Magazine article The Spectator

Cassius the Defiant Gladiator

Magazine article The Spectator

Cassius the Defiant Gladiator

Article excerpt

Lucy Hughes-Hallett KING OF THE WORLD:

MUHAMMAD ALI AND THE RISE OF AN AMERICAN HERO by David Remnick Picador, 14.99, pp. 326

In his prime Muhammad Ali was everything he claimed to be - the fastest, the greatest, the prettiest. As his doctor said, 'If someone came from another planet and said "Give us your best specimen" you'd give him Ali.' He was also, as David Remnick demonstrates in this historically sophisticated and splendidly entertaining book, an artist whose masterpiece was his own image, the auteur and star of a theatrically compelling, politically cogent spectacle. The US army twice classified him as being too stupid to serve, but in Remnick's view in 1962, when he first turned professional, he was 'the most self-aware 21-yearold in the country'.

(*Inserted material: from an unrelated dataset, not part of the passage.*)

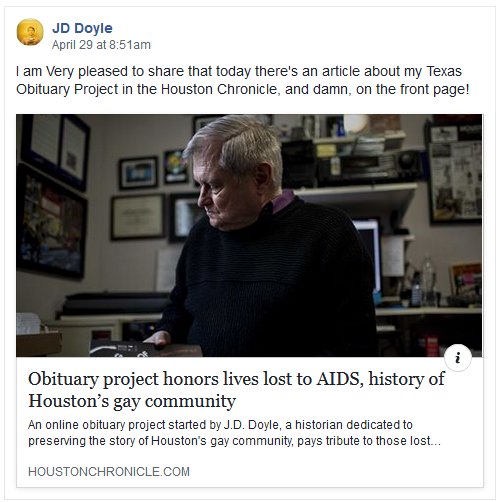 In 2012 I got inspiration from a website in San Francisco that was a searchable database of all obituaries to appear in the Bay Area Reporter. I felt we needed a site like that for Texas, and tried to get members of a local history group to take up the project. After about a year I got tired of waiting for that to happen and decided to just do it myself, and did, gathering data mostly from the publication This Week in Texas, but also from what other early publications I could find. I started building the site, and data collection, in September 2013 and it was ready to launch in February 2014, and currently (as of September 2016) has over 5275 pages, meaning it has that many obituaries of LGBT people we have lost. This project is especially gratifying because it takes on a very personal aspect, in giving many people a sense of closure. I have received many, many emails thanking me for having their loved one's obituaries, many of which they could find no where else. The data also incorporates searchable "tags," including not only the city in which they lived, but also identifiers like black, latino, female, drag, violence and AIDS, providing a useful tool for researchers.

He used that awareness in his fights and in the psychodramas which preceded and surrounded them. Remnick gives a riveting account of the weigh-in before his first fight against Sonny Liston, when Cassius Clay, as he then was, acted so mad, bad and dangerous that even his own team were unsure that he hadn't lost his sanity until they checked his blood pressure afterwards and realised how coolly he had planned the performance. He was equally astute, and equally audacious, in the way he responded to historical change and turned it to his own purposes. As he told Remnick, 'I had to prove you could be a new kind of black man.'

His two immediate predecessors as world heavyweight champion each represented one of the old kinds. It's not until nearly a third of the way through this book that Ali, as it were, enters the ring. The extended first section builds up to and describes the fight between Sonny Liston, the 'Bad Nigger', and Floyd Patterson, the 'Good' one. Liston was an illiterate criminal who was managed, like the majority of fighters at the time, by the Mafia. To the poet LeRoi Jones (and to nearly everyone else) he was 'the big black Negro in every white man's hallway, waiting to do him in'. Patterson, on the other hand, anxious and conciliatory, was the servile loser everybody liked. In describing them and their careers, and in particular their representation by the press, Remnick shows vividly in what kind of world a new contender had to operate.